Она не называла его иначе, как по имени-отчеству, не могла от этого отвыкнуть; и в то время, как он не перестал и на втором году супружества любоваться ею, она не перестала по-девичьи восхищаться им, художником-силачом.
Здесь, в Симферополе, жил еще ее дядя Петр Афанасьевич Невредимов, в доме которого она выросла и которого называла, как и все ее братья и сестры, «дедушкой», а тому было уже теперь восемьдесят восемь лет. Он был весь белый; голова его тряслась при ходьбе и при разговоре, а тело, хотя и высокое, казалось совсем легким, почти прозрачным.

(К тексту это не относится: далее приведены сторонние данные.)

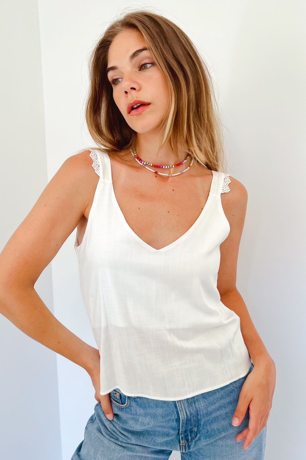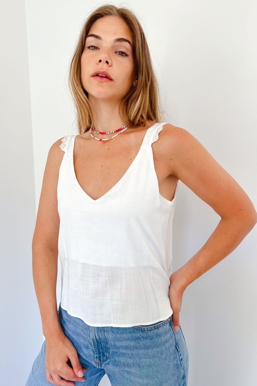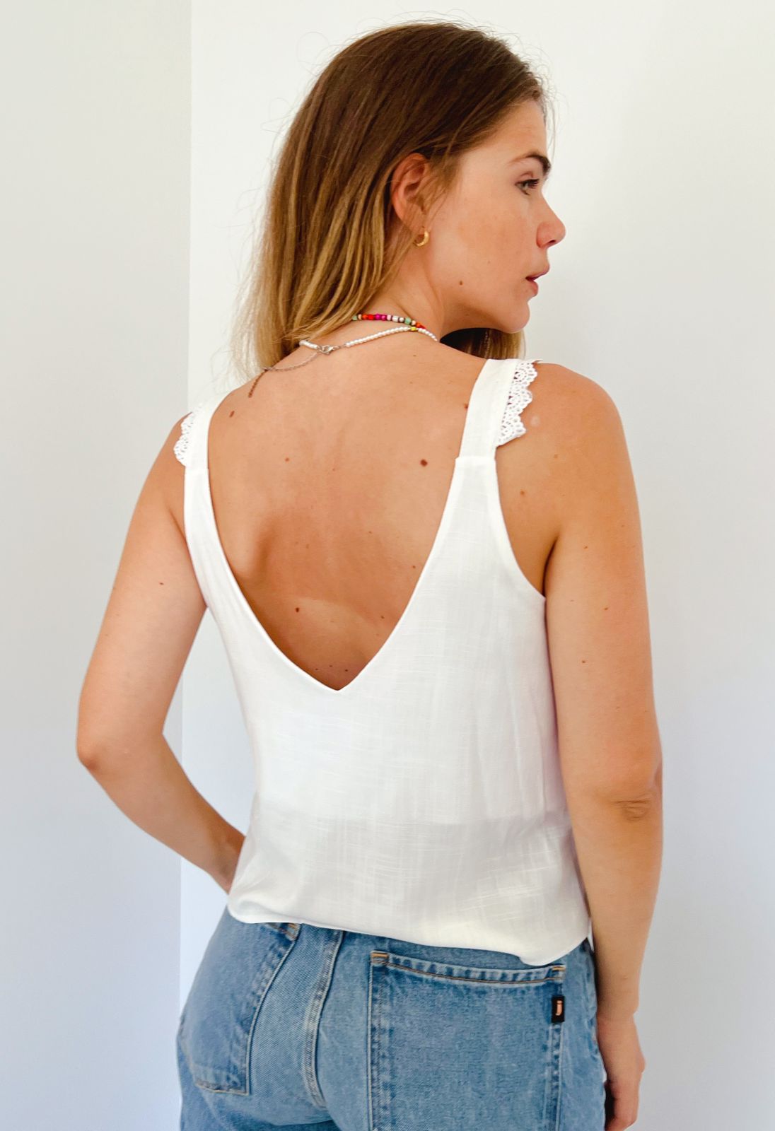 #Musculosa #simil lino #escote V #aplique en breteles #TALLE UNICO #TALLE M (la modelo mide 170 y es 40 de jean. te sirve de referencia)
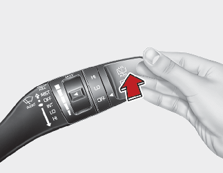 Ωθήστε τον μοχλό στην αντίθετη κατεύθυνση από εσάς για να ψεκάσετε υγρό από τον πίσω ψεκαστήρα και για να λειτουργήσουν ο πίσω υαλοκαθαριστήρας για 1-3 κύκλους. Η λειτουργία του ψεκασμού και των υαλοκαθαριστήρων θα συνεχιστεί μέχρι να αφήσετε τον μοχλό.
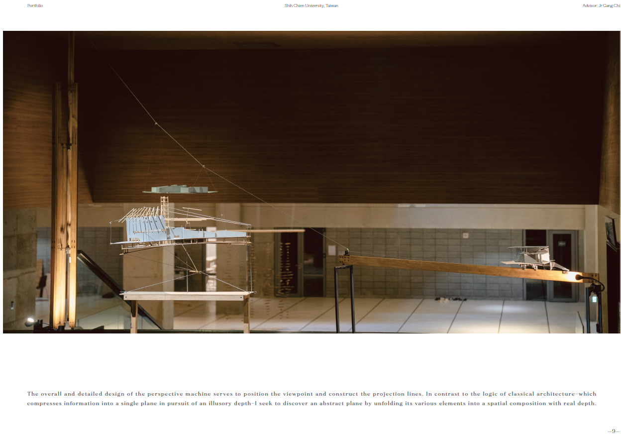 現在,我先透過透視機器製作以及身體於Siena山城中移動產生的透視變化所繪製的感知地圖,來研究不同深度的資訊投影於人感知到空間的瞬間切面上所形成的不可視空間結構,一個真實與想像共存的空間。再將這樣的空間概念表達於看似紛亂的台灣日常都市空間。
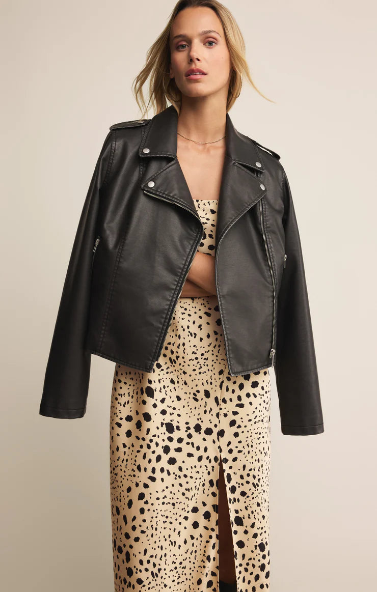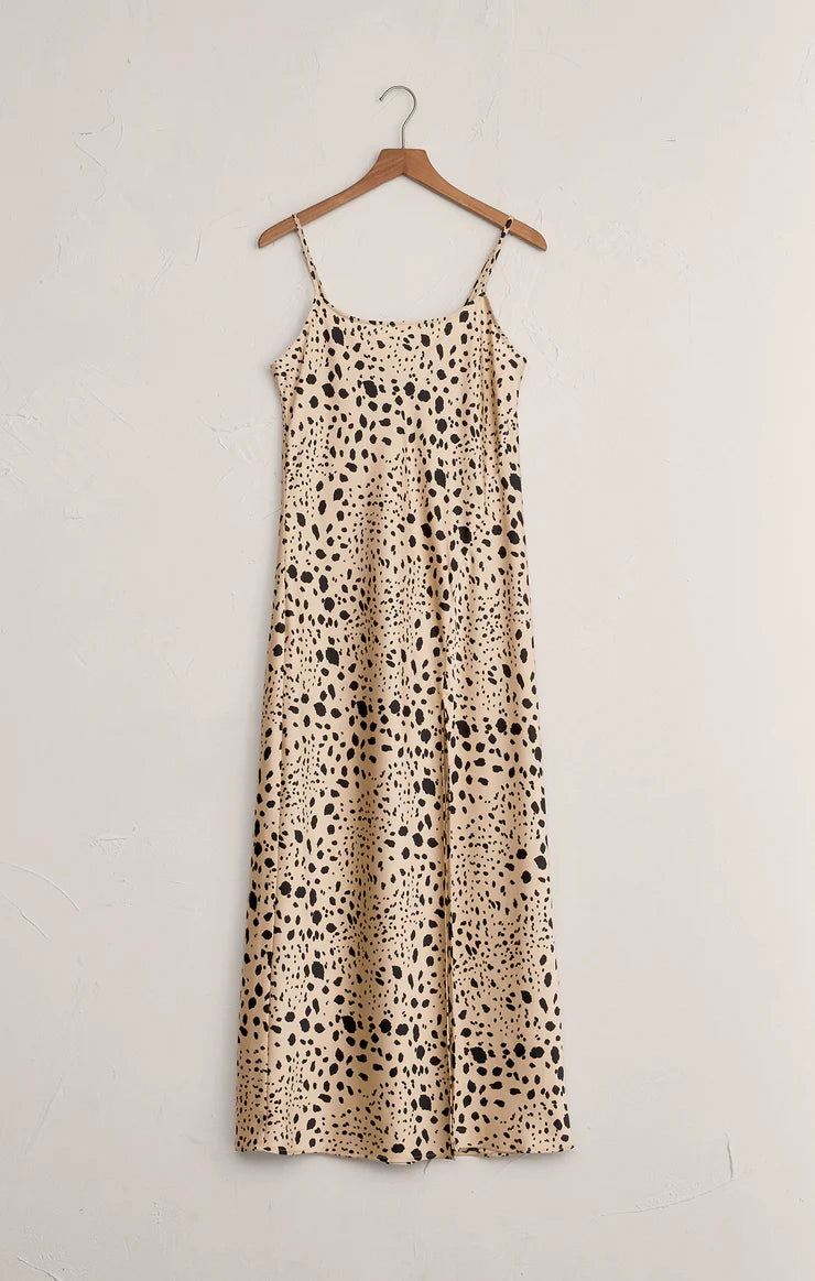 This printed midi dress glides with every step. With adjustable straps and a flirty slit in front, it’s the kind of piece you’ll wear to candlelit dinners and beyond.
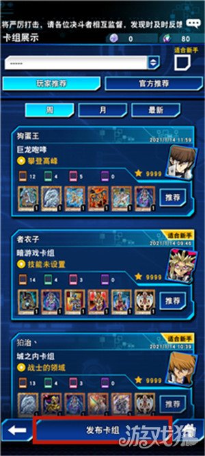 选择好卡组类型后,就能将其发布。

Рядом с ним Алексей Фомич не мог не считаться не только молодым, даже молодцеватым: ведь ни в его густой гриве на объемистом черепе с широким крутым лбом, ни в его подстриженной клином русой бороде не было еще седых волос. При виде его каждый говорил: "До ста лет доживете!" — на что Алексей Фомич отвечал серьезно: "Я и сам полагаю, что не меньше".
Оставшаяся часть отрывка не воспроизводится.